Script

New York State of Mind script
The seat that I get to sit in, the frame that is given to me so that I can see the world around me, is a car. And I can’t help notice that there aren’t so many other cars out here, they’re so shiny and strange, the camera uncovers them like animals about to become extinct. I guess it’s obvious that it’s not just anyone who can own a car. This place, the place of the viewer, the view from the car, is reserved for the ruling class.

“How many slaves work for you?” asks a website that will add up the forced labour that produced my appliances and clothes, my phone and computer. Fifty is the answer. That includes the Uzbek children who picked the cotton for my clothes. and the Congolese children who mined the tantalum for my electronics.

The reason the rape of a white investment banker in Central Park captured more attention than any of the other 3,254 rapes reported in New York City that year, was that it seemed to be the story the city wanted to tell itself. That story, an upper-class fantasy, was how the city was ruined, violated, raped by its underclass. Never mind that it reversed reality. The rich of the city wanted to believe that the poor made them unsafe, not the other way around.

Out in the field, on a South Texas farm, a Mexican woman picks cilantro 13 hours a day without gloves. On a good day she’ll make $40. The woman’s mother, who was a paramedic in Mexico, also works as a picker. She tells the reporter that she sees the supervisors leading young women to far corners of the field.
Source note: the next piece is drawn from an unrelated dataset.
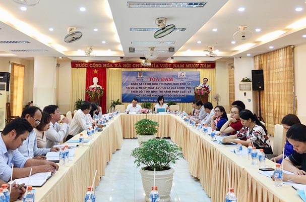 Vừa qua, Bộ Tư pháp phối hợp với Dự án Pháp luật 2020 - JICA đã tổ chức Tọa đàm “Khảo sát tình hình thi hành Nghị định số 59/2012/NĐ-CP ngày 23/7/2012 của Chính phủ về theo dõi tình hình thi hành pháp luật và một số kiến nghị sửa đổi, bổ sung” tại TP. Nha Trang, tỉnh Khánh Hòa. Tọa đàm do ông Hồ Quang Huy - Phó Cục trưởng Cục QLXLVPHC&TDTHPL và bà Tsukabe Takako - Cố vấn trưởng Dự án JICA tại Việt Nam đồng chủ trì. Tham dự Tọa đàm có đại diện Lãnh đạo Sở Tư pháp các tỉnh khu vực Nam Trung Bộ và Tây Nguyên, các Sở, ban, ngành trên địa bàn tỉnh Khánh Hòa.

She knows her rights as a worker, but she knows, too, that if she makes a complaint she could be deported.

Cars are designed to protect the people inside them. Everyone else needs to know where they’re headed, driving them in their minds. Even people who never learned how to grip the wheel know how to gauge the momentum of a car, or how long it will take to stop, and understand that it should be treated as if it’s not just large and heavy, but also blind.
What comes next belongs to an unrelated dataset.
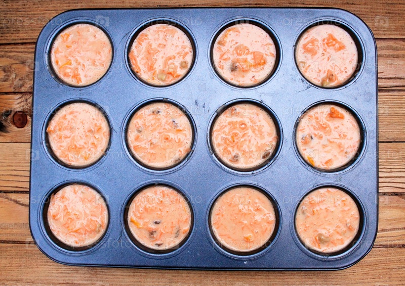 Морковные кексы с изюмом и орехами на деревянном столе

Cars are like important men in conversation with other important men. Bicycles are sometimes kindly accommodated by cars but usually not even seen. In this sense, riding in traffic is not unlike being a woman among men.

Perhaps you, the monster that you are, find yourself feeding on what you can’t bear about yourself. Perhaps monsters are people who have broken out of their boxes, and find themselves demanding everything they’ve been denied. Am I that monster? In what ways am I the terrible, frightening thing?

A city made in the image of a car.

When steam power began, water was everywhere, and cheaper than coal. The giant machines powered by water wheels required far less human labour to convert to energy, and were more energy-efficient.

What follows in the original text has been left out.